FRAP-T6: Code System for Transient Analysis of Fuel Rods.

Note: See http://frapcon.labworks.org/ regarding newer versions of FRAPCON-2, FRAPT6/MOD1 and FRAPT6/V21.

2. CONTRIBUTORS

EG&G Idaho, Idaho Falls, Idaho, through the Energy Science and Technology Software Center, Oak Ridge, Tennessee.



3. CODING LANGUAGE AND COMPUTER

FORTRAN (99%) and Assembly language (1%).; CDC CYBER176.

FRAPT6/V21 (P00436C017601);

FRAPT6/MOD1 (P00436C017600).



4. NATURE OF PROBLEM SOLVED

FRAP-T6 is the most recent in the FRAP-T (Fuel Rod Analysis Program - Transient) series of programs for calculating the transient behavior of light water reactor fuel rods during reactor transients and hypothetical accidents, such as loss-of-coolant and reactivity-initiated accidents. The program calculates the temperature and deformation histories of fuel rods as functions of time-dependent fuel rod power and coolant boundary conditions. FRAP-T6 can be used as a stand-alone code or, using steady state fuel rod conditions supplied by FRAPCON2 (NESC 694), can perform a transient analysis. In either case, the phenomena modeled by FRAP-T6 include: heat conduction, heat transfer from cladding to coolant, elastic-plastic fuel and cladding deformation, cladding oxidation, fission gas release, fuel rod gas pressure, and pellet cladding mechanical interaction. Licensing audit models have been added . The program includes a user's option that automatically provides a detailed uncertainty analysis of the calculated fuel rod variables due to uncertainties in fuel rod fabrication, material properties, power and cooling.



5. METHOD OF SOLUTION

The models in FRAP-T6 use finite difference techniques to calculate the variables which influence fuel rod performance. The variables are calculated at user-specified slices of the fuel rod. Each slice is at a different elevation and is defined to be an axial node. At each axial node, the variables are calculated at user-specified locations. Each location is at a different radius and is defined to be a radial node. The variables at any given axial node are assumed to be independent of the variables at all other axial nodes. The solution for the fuel rod variables begins with the calculation of the fuel and cladding temperatures. Then, the temperature of the gases in the plenum of the fuel rod is calculated. Next, the stresses and strains in the fuel and cladding and the pressure of the gas inside the rod are computed. This calculation sequence is repeated until essentially the same temperature distribution is calculated for two successive cycles. The cladding oxidation and fission gas release are then calculated, and the time is advanced, after which the complete sequence of calculation is repeated to obtain the fuel rod variables at the advanced time. The models interact in several ways. The fuel temperature calculated by the thermal model is dependent upon the size of the fuel-cladding gap calculated by the deformation model, and the diameter of the fuel pellet depends upon the temperature distribution in the pellet. Mechanical properties of the cladding vary significantly with temperature. The internal pressure varies with the temperature of the fuel rod gases and the strains of fuel and cladding. The stresses and strains in the cladding are dependent upon internal gas pressure. Variables calculated in one model are treated as independent variables by the other models. Two nested calculational loops are cycled until convergence occurs. Convergence is accelerated by the Newton method. The optional uncertainty analysis is based on the response surface method.

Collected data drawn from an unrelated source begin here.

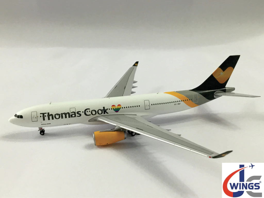Avion: Airbus A330-200Compañía: Thomas CookMatricula: OY-VKFMarca: JC WingsMaterial: Metal (Diecast)Escala: 1:400Largo de Fuselaje: 15.5 cm.Envergadura de Alas: 15 cm.Producto Exclusivo
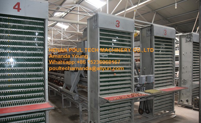 ● It is made up by egg collection machines,egg collection belts(made in Italy) and egg belt hooks.the machines can be from 2 tier to 8 tier. A frame cages also can be equipped with egg conveyor system which can deliver all eggs from different houses to egg storage room.
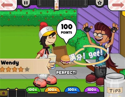 5、老爹的小镇汉堡店游戏中汉堡获得满分的截图
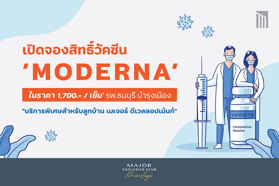 “เมเจอร์ ดีเวลลอปเม้นท์” เข้าใจถึงความกังวลใจกับสถานการณ์การแพร่ระบาดของไวรัสโควิด-19 ในปัจจุบัน นอกจากมาตรการดูแลความสะอาดและความปลอดภัยในทุกโครงการอย่างเข้มข้นแล้ว ยังยกระดับไปอีกขั้น ด้วยการประสานโรงพยาบาลชั้นนำในการสำรองสิทธิ์การฉีดวัคซีน Moderna ให้กับพนักงาน ครอบครัวพนักงาน คู่ค้า รวมไปถึงลูกบ้านทุกโครงการที่สนใจลงทะเบียนรับวัคซีน เพื่อเป้าหมายในการสร้างเกราะป้องกันโควิด-19 ให้กับทุกครอบครัวที่ เมเจอร์ ดีเวลลอปเม้นท์ จะมีส่วนช่วยในการดูแลได้
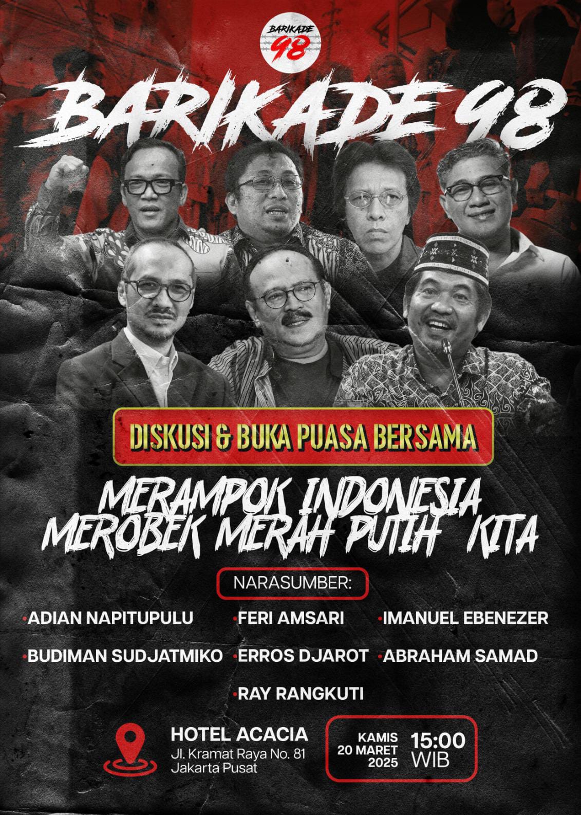 Isu pemberantasan korupsi mencuat dalam diskusi bertajuk Merampok Indonesia, Merobek Merah Putih Kita yang digelar Barikade 98 di Hotel Acacia, Jakarta, Kamis (20/3/2025).
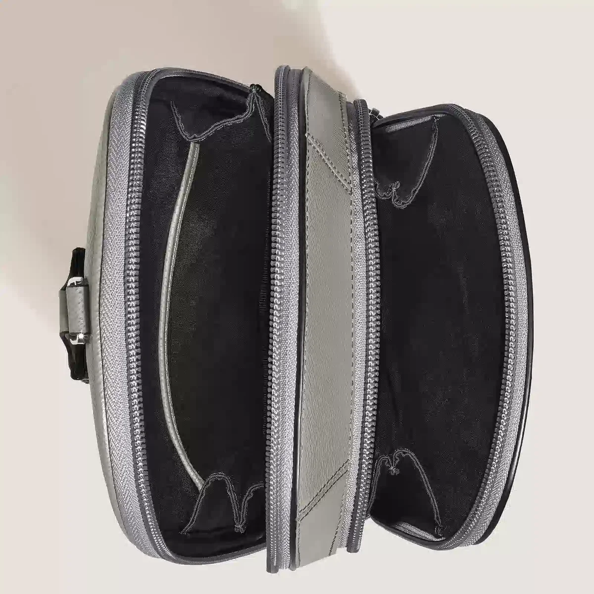 El nuevo bolso bandolera Sartorial, elaborado en elegante piel Saffiano con relieve gris medio, aporta un toque de modernidad informal a tu look diario. Este funcional accesorio cuenta con un cierre de cremallera seguro y una correa ajustable para mayor comodidad. Ofrece un espacioso compartimento principal, un bolsillo interno con cremallera para objetos de valor y almacenamiento externo que incluye un bolsillo con cremallera, tres bolsillos abiertos y ranuras para tres tarjetas de crédito.

6. RESTRICTIONS OR LIMITATIONS

Distribution is restricted to the United States. Since FRAP-T6 is dynamically - dimensioned, the only constraint on the number of axial and radial nodes is the size of the available computer memory. The amount of memory required is a function of the number of axial and radial nodes and the selected models given by the equation: S = LB + 1710 + 11NR + 257NZ + 8NR*NZ + I2D (7NA*NZA*NR + 24NA*NZA) + IB (6NCH*NZCH + NCH + 2) + IF2 (4 + 117NR + 2NZ + 20NR*NZ) + IG (7 + 4NRF + 8NZ + 26NRF*NZ) + IBAL (10,000) where S is the required number of words of central memory; LB is the memory required to load FRAP-T6 exclusive of array storage (98,000 words); NR is the number of radial nodes and NZ, the number of axial nodes. I2D=1, if two-dimensional r-theta heat conduction is modeled, 0 otherwise; NA is the number of azimuthal sectors and NZA, the number of axial nodes at which two-dimensional r-theta heat conduction is modeled. IB=1, if the fuel rod is in contact with more than one coolant channel, 0 otherwise; NCH is the number of coolant channels surrounding the fuel rod, and NZCH, the number of vertically-stacked zones in a coolant channel. IF2=1, if the FRACAS2 subcode (deformable pellet deformation model) is used, 0 otherwise. IG=1, if the FASTGRASS subcode (fission gas production and release model) is used, 0 otherwise; NRF is the number of radial nodes in the fuel. IBAL=1, if the BALON2 subcode (cladding ballooning model) is used, 0 otherwise. The LB variable can be reduced to a value of about 65,000 by overlaying.



7. TYPICAL RUNNING TIME

The running time varies with the size of the time-step, the number of nodes specified, and the models chosen.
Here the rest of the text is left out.